The original resolution authorizes the mayor, the city attorney, the city administrator, the head of each division, office and department under supervision of the city administrator, the assessor-recorder and designated staff in those offices to solicit donations from private, nonprofit, philanthropic and other entities to support legal services and related goods and services for: (1) immigration-related legal services; (2) communities defending and supporting LGBTQ rights; (3) defending and supporting reproductive rights; (4) defending and promoting environmental protection; and (5) racial equity initiatives. The resolution language notes the solicitations are "notwithstanding the behested payment ordinance." President Rafael Mandelman said the original waiver had been approved in February and expired in August.

Presenters and witnesses described both need and risk. Deputy City Attorney Brad Russi told the committee the City Attorney's Office has been party to roughly 10 lawsuits against the federal administration and has sought philanthropic and pro bono assistance; he said the city attorneys office expects to receive about $850,000 in grants from philanthropic foundations and has coordinated with third parties such as the Public Rights Project. Jorge Rivas, representing the City Administrators Office (OSEA), told the committee his office has not yet raised resources under the waiver but has established relationships with several foundations, including the Haas Jr.
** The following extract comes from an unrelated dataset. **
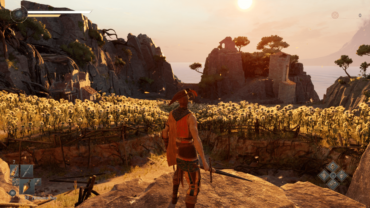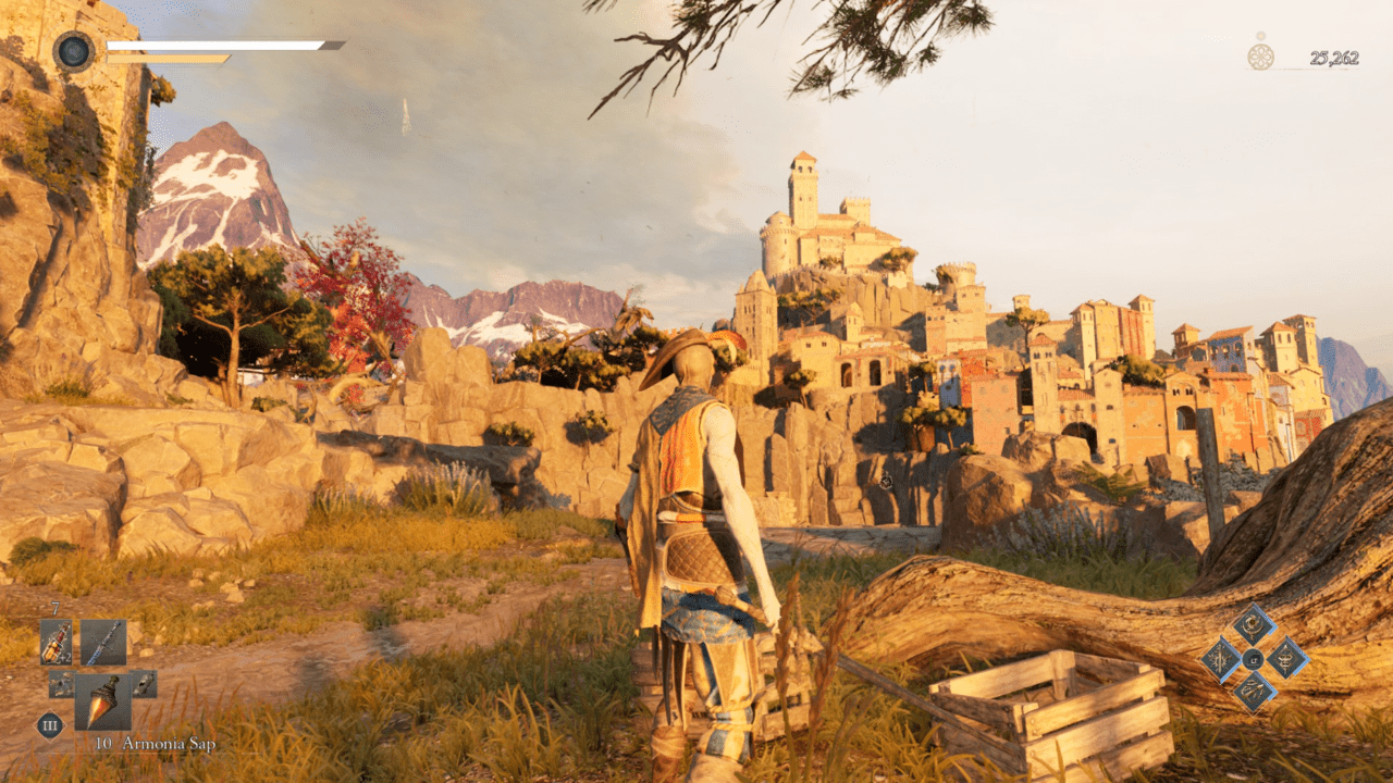 If that description sounds colorful then it reflects in the game’s world design and aesthetic. In this short demo I was able to explore three areas each ending in a boss fight to capstone the level. From a beautiful sun-baked beachfront to a thriving Italian city and ending with an unnerving graveyard overgrown with giant tree roots, each area in Enotria was strikingly gorgeous and diverse. These locations certainly stand-out from the standard dark fantasy souls-likes tend to favor.

Fund and the San Francisco Foundation, and is preparing solicitations. Holly Lung of the Assessor-Recorders Office said her office has engaged philanthropic entities under the existing waiver while observing defined ethical boundaries; she stressed the definition of "interested parties" in the behested-payment rules is broad and said that complexity creates a risk of inadvertent conflicts.

Chair Jackie Fielder said she wanted to consider the Assessor-Recorder's waiver separately and the committee duplicated the file so it could vote on the assessor-specific waiver apart from the others. The meeting record shows a number of procedural votes, rescinds and roll calls while committee members and the deputy city attorney discussed the correct order for taking public comment. The clerk called for public comment at the appropriate point and recorded none.

The committee ultimately voted to forward the original file to the full Board of Supervisors with a positive recommendation. Separately, the duplicate file limited to the Assessor-Recorder was forwarded to the board with no recommendation. Both committee votes were recorded as two ayes with one member excused.

Why it matters: Behested-payment waivers temporarily suspend or clarify restrictions that would otherwise limit solicitations from parties with potential interests before the city. Supporters argued the waivers let city offices fill urgent legal and service gaps amid budget strain; critics and questions raised at the hearing focused on the breadth of the "interested party" definition and public-trust risks.

Next steps: Both files will go to the full Board of Supervisors for further consideration. The committee record contains analyst and departmental statements and the amendments that were circulated.